12. STOCKHOLDERS' EQUITY

COMMON STOCK

The Company completed its initial public offering of 8,000,000 shares of its
common stock pursuant to a Registration Statement on Form S-1 on August 9, 2000.
Additionally, the underwriters exercised a portion of their over-allotment
option to purchase an additional 840,000 shares of the Company's common stock,
at $8.00 per share, on August 16, 2000. Total proceeds from this offering,
including the exercise of the over-allotment option, were approximately
$63.9 million, net of underwriting fee and offering expenses of approximately
$6.8 million.

All Class A common stock was renamed as "common stock" and all Class B
common stock converted into shares of common stock on a one-for-one basis as a
result of closing the offering. The Company is now authorized to issue
150,000,000 shares of common stock.

PREFERRED STOCK

As a result of the Company's initial public offering, all outstanding shares
of Series A through D preferred stock automatically converted into 17,687,562
shares of common stock. The Company is now authorized to issue a total of
20 million shares of preferred stock.

In addition to conversion rights, the Series A through D preferred stock had
voting rights equal to common stock, certain liquidation preferences and
dividend rights equivalent to the common stockholders. Activity relating to
preferred stock including shares issued, proceeds from sale and conversion is
presented in the accompanying Consolidated Statements of Stockholders' Equity.

WARRANTS

In December 1998, and in connection with obtaining certain financing, the
Company issued warrants to acquire up to 50,000 shares of the Company's common
stock. The warrants had an exercise price of $7.50 per share, were exercisable
upon issuance and expired the later of December 31, 2001, or two years after the
completion of an initial public offering of the Company's common stock but in no
event later than December 31, 2002. The warrants were valued at $75,000, which
was recorded as additional interest expense over the term of the loan agreement.
The warrants were exercised in January 2001.
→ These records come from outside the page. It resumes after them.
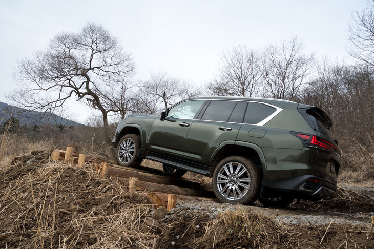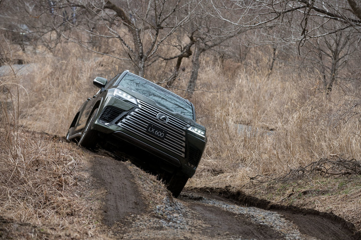 14/36新設されたオフロードコースを行く「LX600“エグゼクティブ”」。地面は前日の雨でぬかるんでいたが、LXは標準仕様のタイヤのままで、悠然と各セクションをクリアしていった。
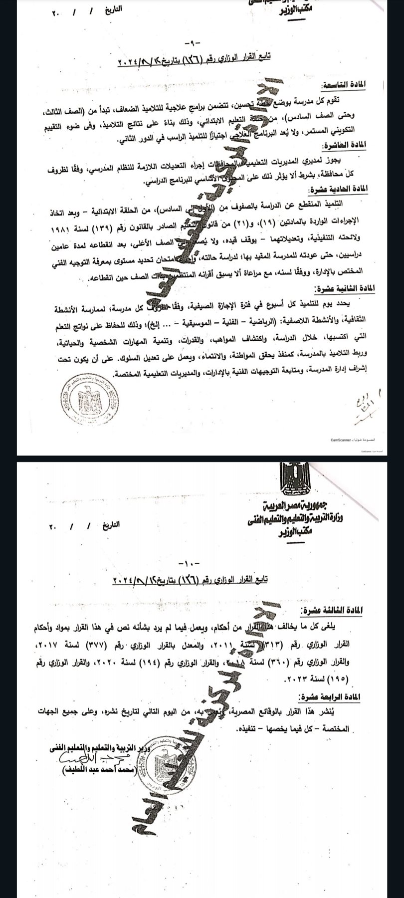 أصدرت وزارة التربية والتعليم والتعليم الفني، قرارا مهما وعاجلا برئاسة محمد عبد اللطيف وزير التربية والتعليم والتعليم الفني، بشأن نظام الدراسة والتقييم لتلاميذ الحلقة الابتدائية بمرحلة التعليم الأساسي.
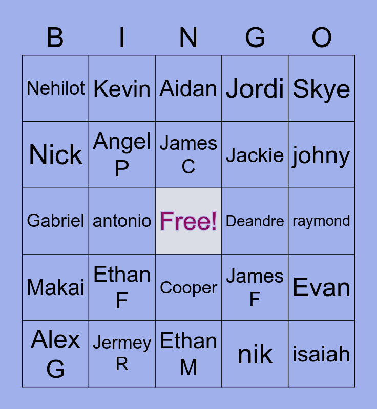 This bingo card has a free space and 24 words: Ethan F, Jermey R, James C, Alex G, Skye, Nehilot, Nick, Kevin, Deandre, Cooper, Jackie, Gabriel, James F, Evan, Angel P, nik, raymond, Aidan, johny, antonio, isaiah, Makai, Jordi and Ethan M.
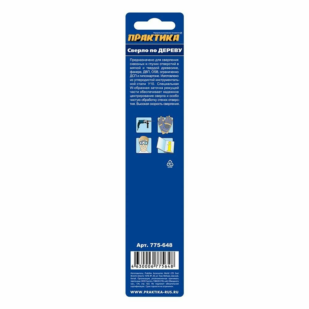 | Прочие особенности и свойства | Изготовлено из высококачественной углеродистой инструментальной стали. Для точного сверления мягкой и твердой древесины, фанеры, ДСП. Специальная W-образная заточка с выраженным центром исключает увод сверла в сторону от точки сверления. Идеально выраженная боковая подрезка обеспечивает ысокую скорость сверления и чистые кромки отверстия. |
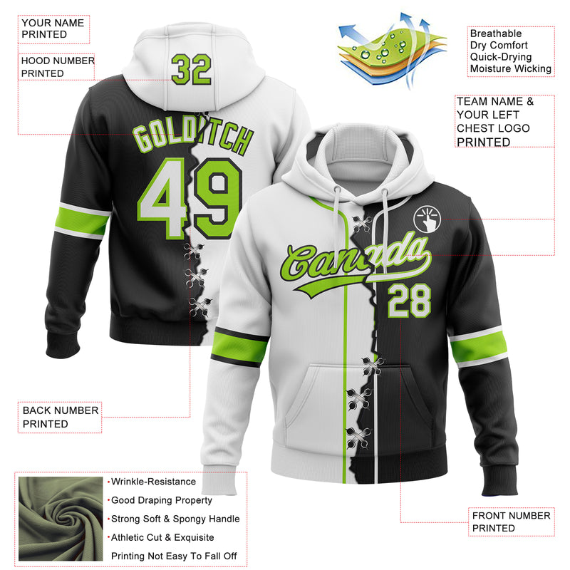 Custom Black White-Neon Green Split Ripped Pattern Baseball Pullover Sweatshirt Hoodie
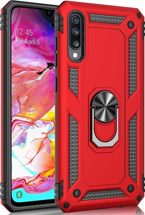 Microsonic Samsung Galaxy A70 Kılıf Military Ring Holder Kırmızı
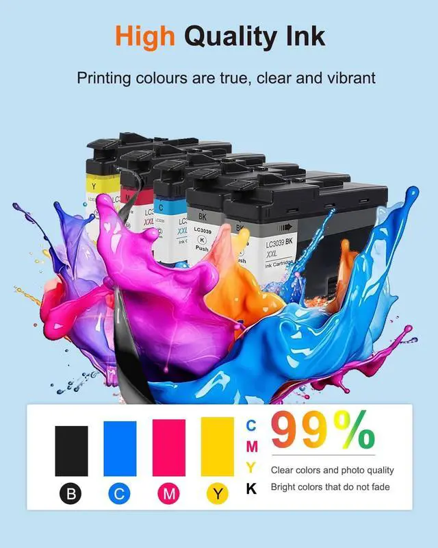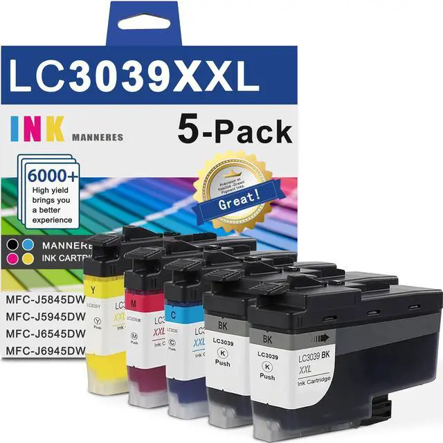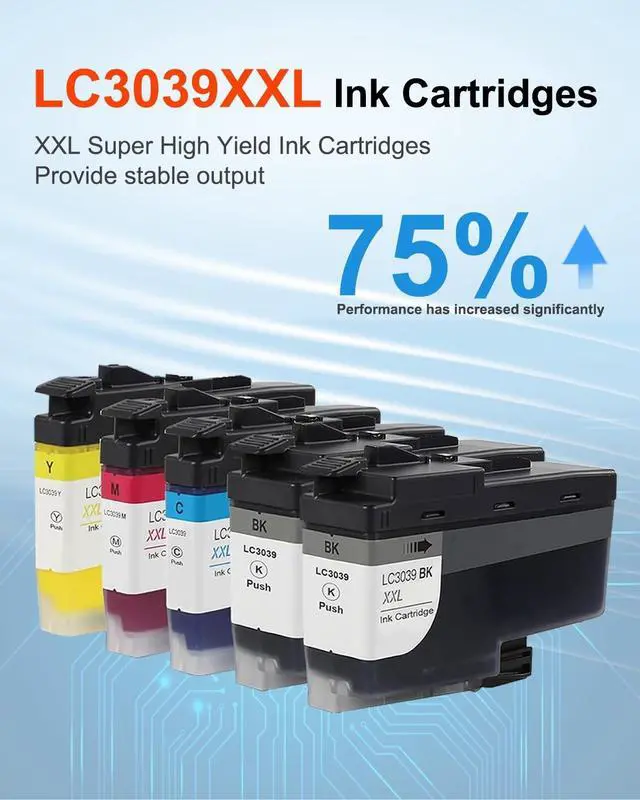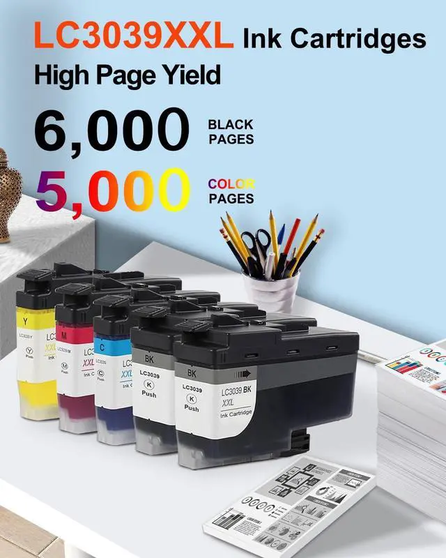 Low Cost: Each LC3039XXL Black ink cartridges can output at least 6, 000 pages, each LC3039XXL Color ink cartridges can output at least 5, 000 pages. Allowing you to achieve print quality comparable to the original at a low cost. These 5 packages offer a total of 27, 000 pages, making them ideal for use in homes, offices and schools. (Letter/A4, 5% coverage) ^^ Anti-Clogging Technology -
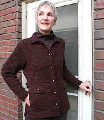 A button-down jacket in seven sizes, knit in an allover tweedy textured stitch, with set-in sleeves, hip pockets with flap and side entry, side hem slits, optional half belt, and shirt collar (opens to form lapels). All pieces are knit flat, bottom up, and seamed.
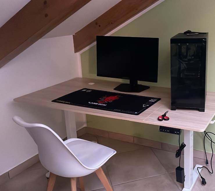 Ergonomisch design en handige accessoires: het bureau is uitgerust met ergonomische functies die het comfort op de werkplek aanzienlijk verbeteren. Daartoe behoren nuttige accessoires zoals een hoofdtelefoonhouder, een zijvak voor extra opslag, een nauwkeurige muismat, een kabeldoorvoer en een kabelgoot. Deze functies zorgen voor een opgeruimd en goed georganiseerd werkblad dat je productiviteit verhoogt.
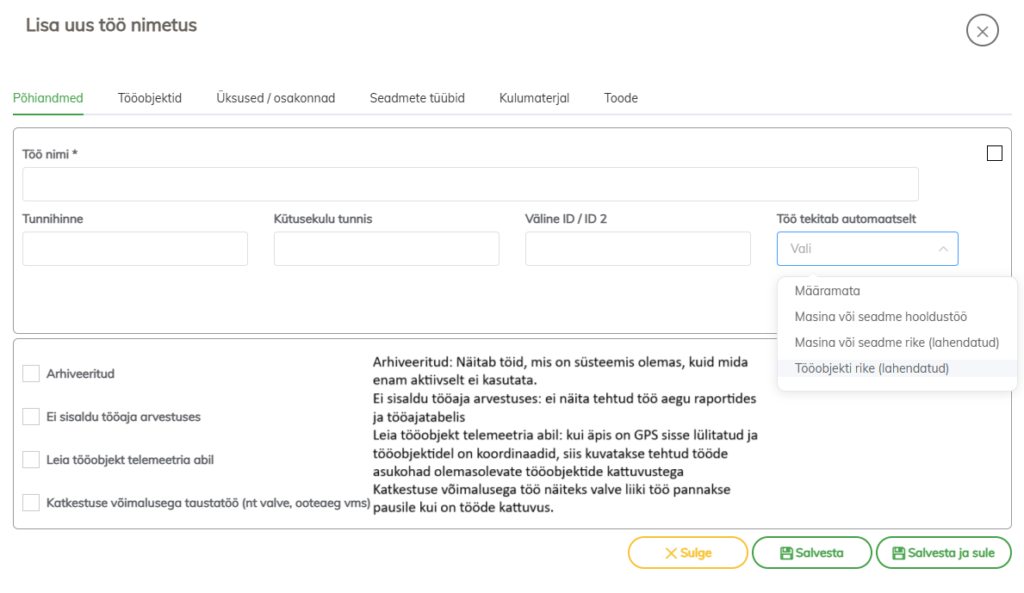 • Aktiivsed tööd: Näitab ainult neid tööde nimetusi, mida on võimalik planeerimisel ja tööde registreerimisel valida.
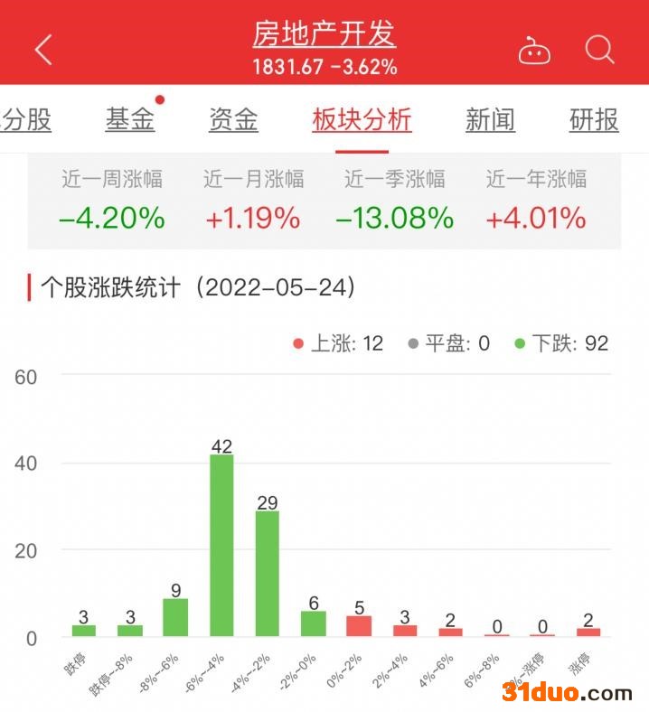 中国经济网北京5月24日讯 今日,房地产开发板块整体跌幅3.62%,其中12只股票上涨,92只股票下跌。
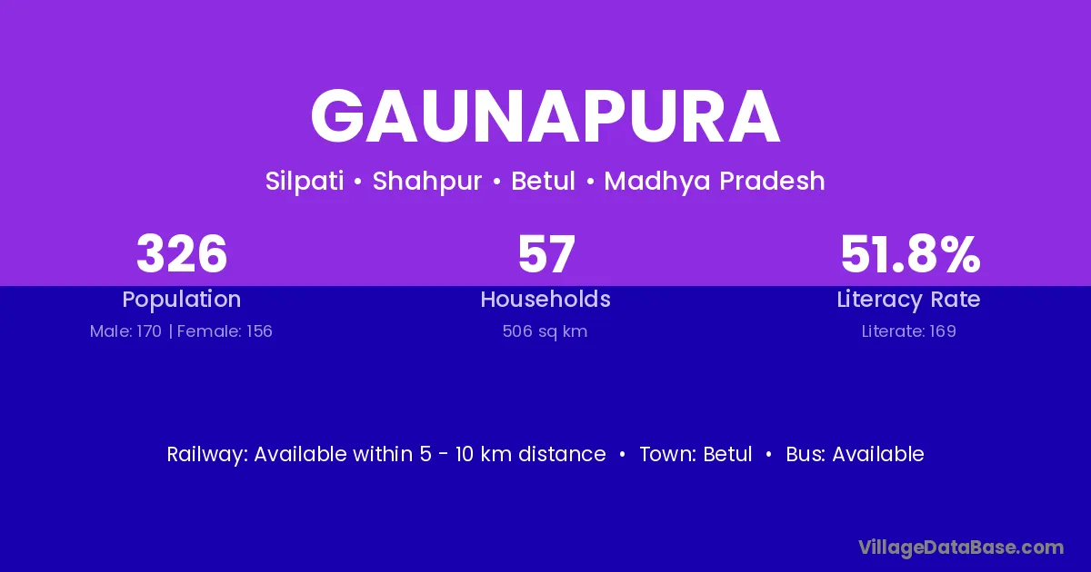 Gaunapura village has a total population of 326 people, of which 170 are males and 156 are females.
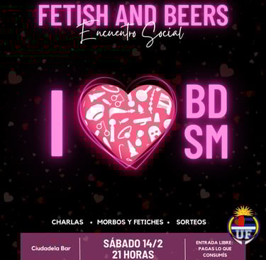 Fetish & Beers es una propuesta LGBTIQ+ de encuentro social, ameno, para conocernos entre fetichistas, amantes del cuero, del latex, botas, uniformes, policías, militares, deportistas, amantes del BDSM, y todos los que gustamos de prácticas y un erotismo que escapa a lo "tradicional".
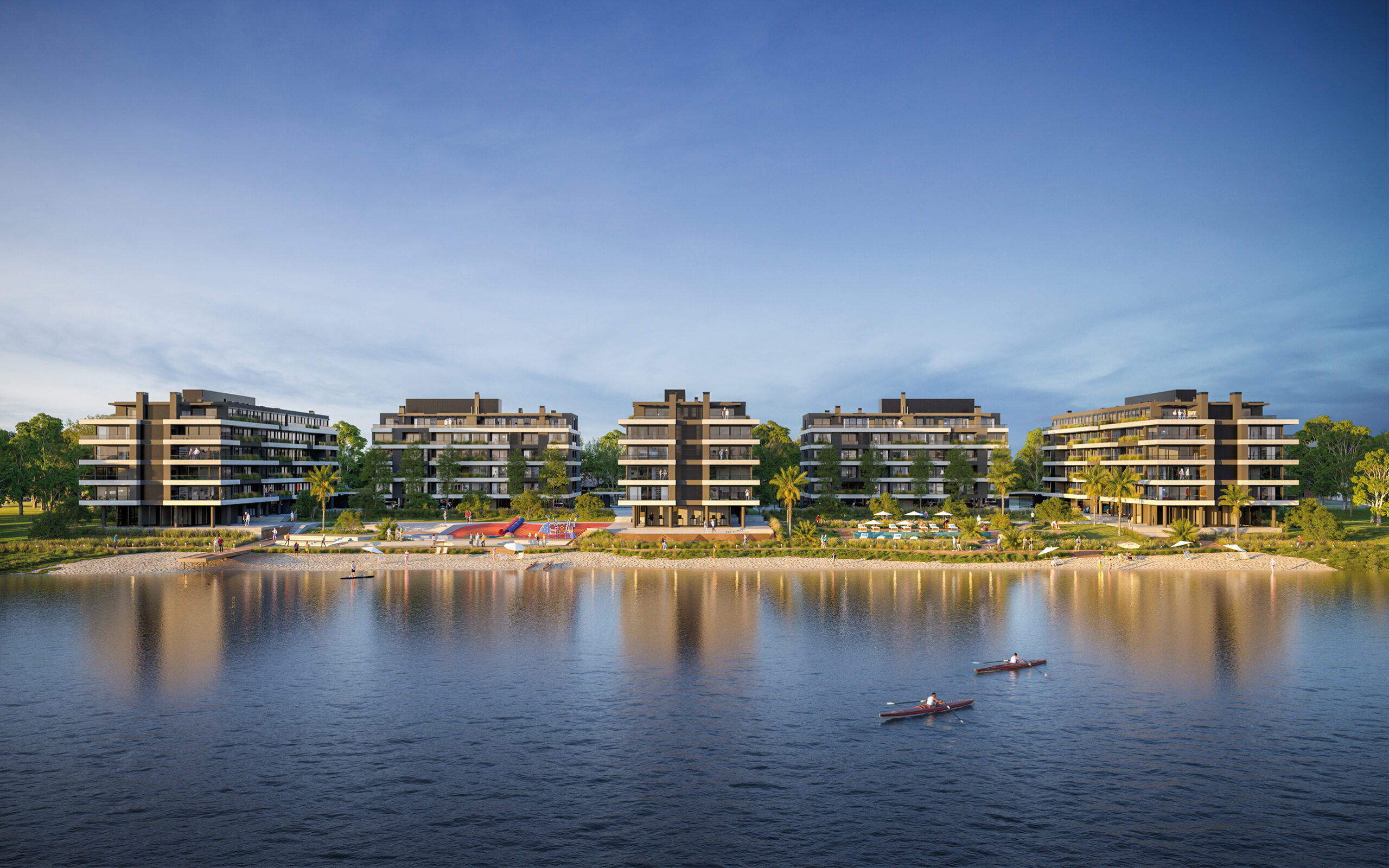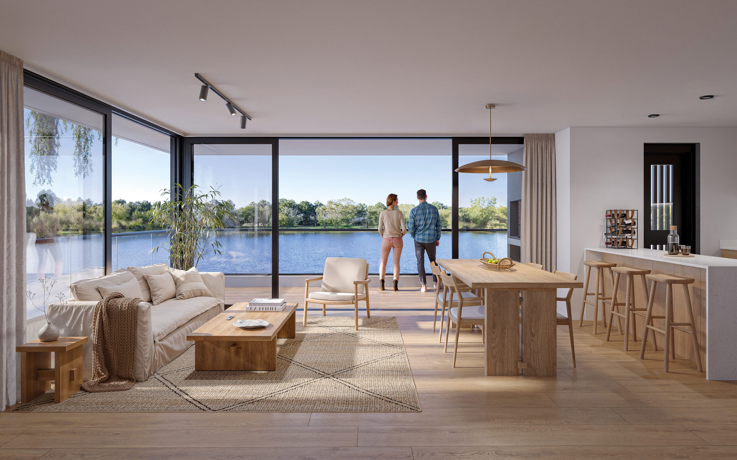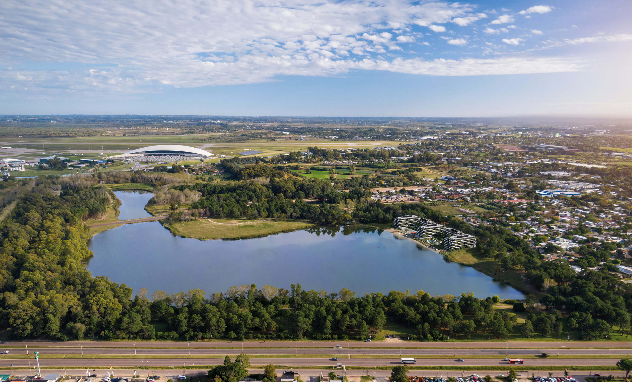 En medio de ese escenario apareció la oportunidad: Carrasco Park. Dos terrenos, y en uno de ellos un lago inmenso, inesperado, como si la geografía hubiera dejado allí un recordatorio de lo que alguna vez fue la costa: un territorio de agua, vegetación y horizontes abiertos. Aerosur lo llaman, una gran manzana delimitada al norte por la ruta 101 y la calle Cruz del Sur, al sur por la avenida Giannattasio y la calle Calcagno. Y en ese enclave, que es frontera y bisagra a la vez, nos propusimos levantar cinco edificios con 236 apartamentos, casi todos con vista al lago.
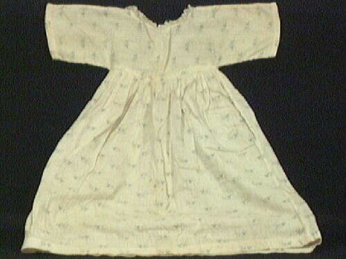 Dockklänning, sydd av en typ av crepetyg av bomull med tryckta lila blommor och gröna blad. Avskuren under ärmarna, kjolen rynkad. Spets runt halsen. Öppen en bit i ryggen, knäpps med tre tryckknappar. Några rostfläckar. Fram till augusti 1981 förvarad i magasin på Hästhagsvägen.
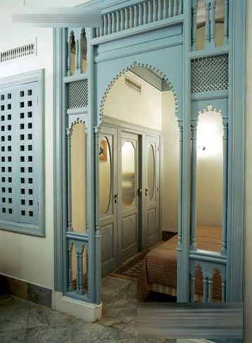 這一扇充滿獨(dú)特北非風(fēng)情味道的“門”位于北非突尼西亞,一間改建自Sidi-Boud-Said酒店的屋子內(nèi)。說(shuō)這是一扇門,大家可能不會(huì)太認(rèn)同(因?yàn)闆](méi)有門板和門鎖),但是這扇配合了拱門風(fēng)格的灰藍(lán)色門巧妙地將兩個(gè)不同的空間分割,讓睡房被分隔開來(lái),營(yíng)造出睡房寧?kù)o祥和的感覺(jué)。門本身手工細(xì)致,制作者在木上刻畫出充滿了突尼西亞的風(fēng)情,沒(méi)有門板,更多陽(yáng)光就能透進(jìn)睡房?jī)?nèi),配上白色和米黃色的墻身及云石地板,顯露出一派低調(diào)的高貴典雅。
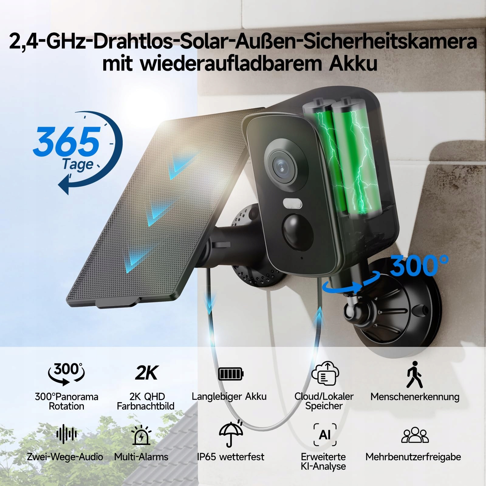 【100% bezprzewodowa & zasilana energią słoneczną】: Wyposażona w akumulator wielokrotnego ładowania oraz panel słoneczny, ta kamera monitoringu zewnętrznego zapewnia ciągłe zasilanie bez uciążliwego ładowania. Nawet przy złych warunkach pogodowych wbudowany akumulator gwarantuje nieprzerwaną obserwację. Idealna do elastycznego umiejscowienia bez plątaniny kabli. (Uwaga: obsługuje tylko Wi-Fi 2,4 GHz, nie 5 GHz.)
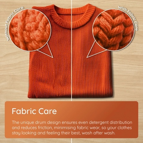 - Fabric Care – gentle, low-friction washing to extend garment life
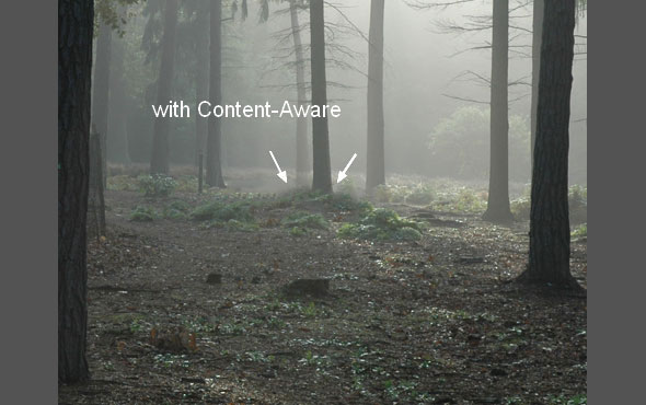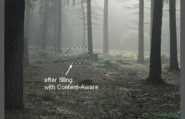 Инструментом Lasso/Лассо выделите часть со скамейкой и в меню выберите Edit > Fill > Content-Aware/Редактировать>Залить>С учетом содержимого. Вот что должно получиться:
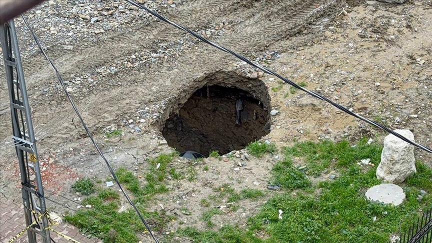 Esenyurt'ta, boş arazide park halindeki otomobilin göçükle oluşan çukura düşme anı cep telefonu kamerasıyla kaydedildi.

In March 1999, the Company entered into a two year sales and marketing
agreement with an independent third party. The Company and the third party each
have a non-exclusive right to market and resell the other party's products. As
part of the agreement, the Company issued warrants to purchase the Company's
common stock with an exercise price of $4 per share, of which, 330,000 of the
warrants were immediately vested, exercisable and nonforfeitable. The remaining
330,000 of the warrants were to vest at a rate of 110,000 warrants for each
$2,000,000 of net license revenue the Company recognizes on sales of the
Company's products sold by the third party. The fair value of $640,000 for the
330,000 warrants, which vested immediately, is amortized to operating expense
over

59

EXE TECHNOLOGIES, INC. AND SUBSIDIARIES

NOTES TO CONSOLIDATED FINANCIAL STATEMENTS (CONTINUED)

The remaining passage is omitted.